Ведь в данной пряди нет никакого Даниэля. Просто некто, живущий в старом доме его тети, некто, ведущий записи странными символами —
И ведь это — самое близкое, что я сумел отыскать.
Просто выяснилось, что он — не я. Почему?
Ключом к ответу был ящичек. Что же получается? Грейнджер тоже умел «взбрыкивать»? Итак, на конце этой нити находится Чарлз Грейнджер. Ящичек об этом знает. Он-то и перенес тебя сюда.
Даниэль для верности еще раз переворошил бумаги, сунул их обратно в картонку, закрыл ее.

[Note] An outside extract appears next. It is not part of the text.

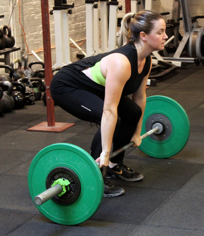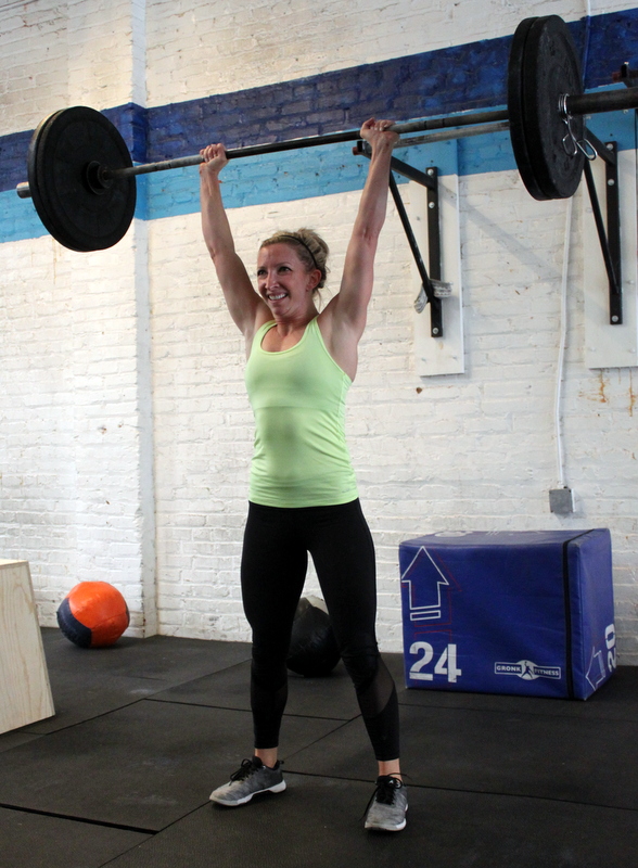 In Gym: five rounds, every 90 seconds: snatch pull + power snatch five rounds, every 90 seconds: 2 power snatch + 2 overhead squat At Home: as many rounds as possible in 12 minutes: 8x single-arm reverse overhead lunge, left 8x single-arm reverse overhead lunge, right 16x single-arm power snatch (alternating, total)
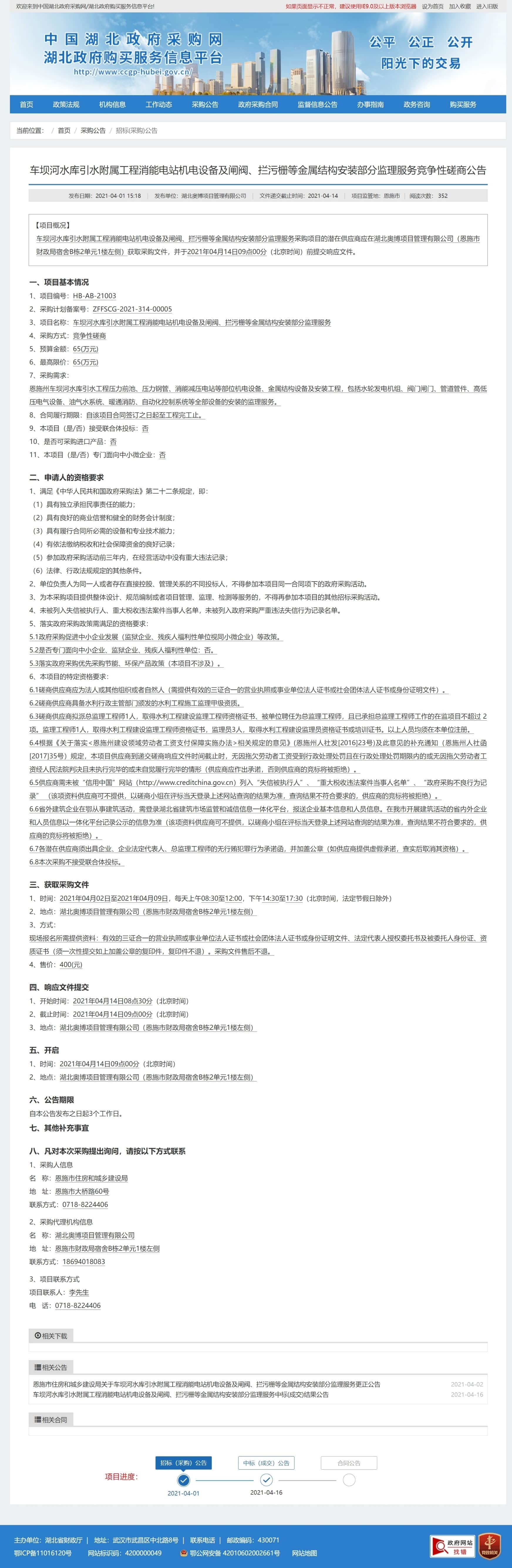 恩施州车坝河水库引水工程压力前池、压力钢管、消能减压电站等部位机电设备、金属结构设备及安装工程,包括水轮发电机组、阀门闸门、管道管件、高低压电气设备、油气水系统、暖通消防、自动化控制系统等全部设备的安装的监理服务。

На улице поднимался ветер.
Даниэль встал, потрескивая суставами. Что-то здесь не так. Что-то не вполне закончено. Да, он отыскал свой ящичек — хотя нет: пусть будет просто ящичек — ведь Даниэль Айрмонк никогда не держал свой сум-бегунок в картонке из-под сигарет — слишком очевидно.
Он прятал его в камине…
В кладке, чуть выше пода, обнаружился неплотно вставленный кирпич. Поскоблив по швам, Даниэль принялся его раскачивать взад-вперед, вытащил из гнезда, с болезненной гримасой встал на колени и сунул руку в образовавшуюся дырку.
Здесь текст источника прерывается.